There are two main types of business bankruptcy: Chapter 11 and Chapter 7. For most small business owners, Chapter 7 (liquidation) is a better option but in some situations, Chapter 11 (reorganization) is the way to go. Which bankruptcy chapter is best depends on many factors. Some of those factors are: income, expenses, types of debts, long term goals and previous experience.
When contemplating which bankruptcy option is best for your business, you need an experienced bankruptcy attorney to review all of your circumstances and options before making a recommendation.
A Chapter 11 bankruptcy is a reorganization that allows a business to remain in business and work out arrangements with its debtors. Similar to a Chapter 13 bankruptcy, a Chapter 11 bankruptcy repays debts while keeping business assets and income untouched. There are no debt limits and a trustee is generally not appointed to run your business or handle your cash (although a trustee can be appointed if you are mismanaging your business or not complying with the bankruptcy law).
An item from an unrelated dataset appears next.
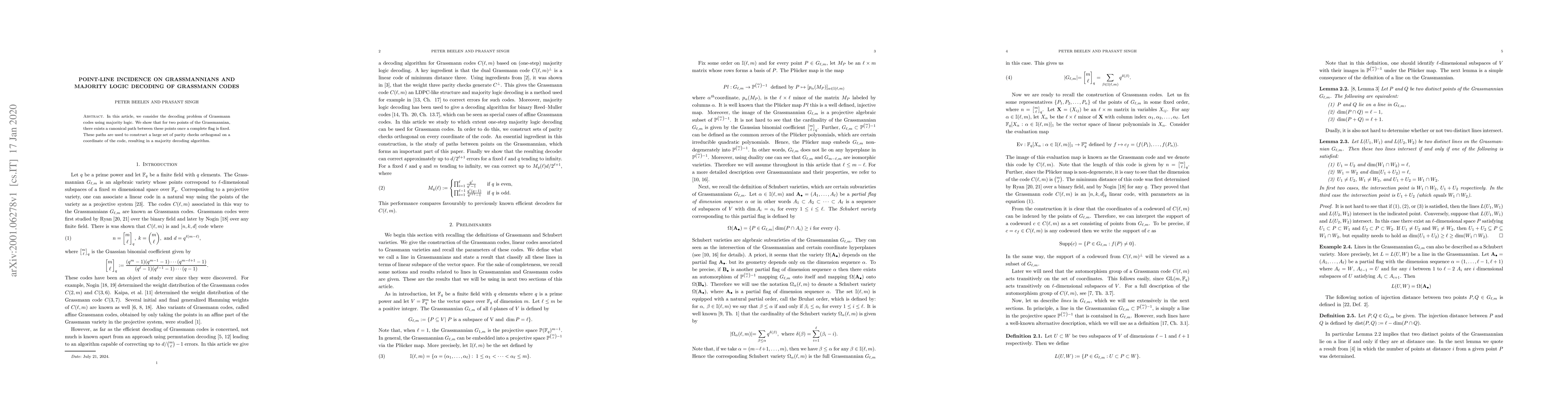 Researchers developed a majority logic decoding algorithm for Grassmann codes, leveraging canonical paths between points on the Grassmannian to construct orthogonal parity checks.

This type of bankruptcy provides flexibility in how do you it and what you can accomplish through it. While there are reporting requirements that go into effect as soon as you file, Chapter 11 provides your business with “breathing room” in that you generally have several months before you need to file a plan of reorganization and begin paying into the plan. During this time, you continue to operate the business while it takes steps to fix its business problems.
Filing for business bankruptcy means someone else steps in to liquidate your business’s assets and settle its debts (in this case, the bankruptcy trustee).
A corporation or partnership files a Chapter 7 business bankruptcy, which is different than a Chapter 7 personal bankruptcy. Filing a business bankruptcy lets the owners turn their business over to the trustee for an orderly liquidation. The business stops operating, and the court liquidates its assets and pays what it can to business creditors. Exemptions don’t apply in a business bankruptcy, so the trustee can take anything the business owns: The entire company is liquidated.
When the liquidation is complete and the proceeds have been paid out to creditors, the business won’t owe any remaining debts. Lease obligations, contracts, utility bills, loans, overdue accounts, and all other business debts will have been paid to the extent possible by the bankruptcy trustee. If creditors aren’t fully paid, that’s their tough luck. The business owners are off the hook unless they are personally liable for the debts.
In theory, the business owners receive anything left over after the creditors are paid. Typically, however, a business that files for Chapter 7 business bankruptcy has liabilities that exceed its assets, and there is nothing left for the owners.
If you are personally liable for business debts, you’ll still be on the hook even after your business’s liability is discharged in business bankruptcy. You will need to discharge your personal liability for the debts by filing for Chapter 7 personal bankruptcy or by negotiating a settlement with the creditor(s). Otherwise, the creditor(s) can still come after you for full repayment of the debt, even after the business is closed and its liability for the debts is discharged in business bankruptcy.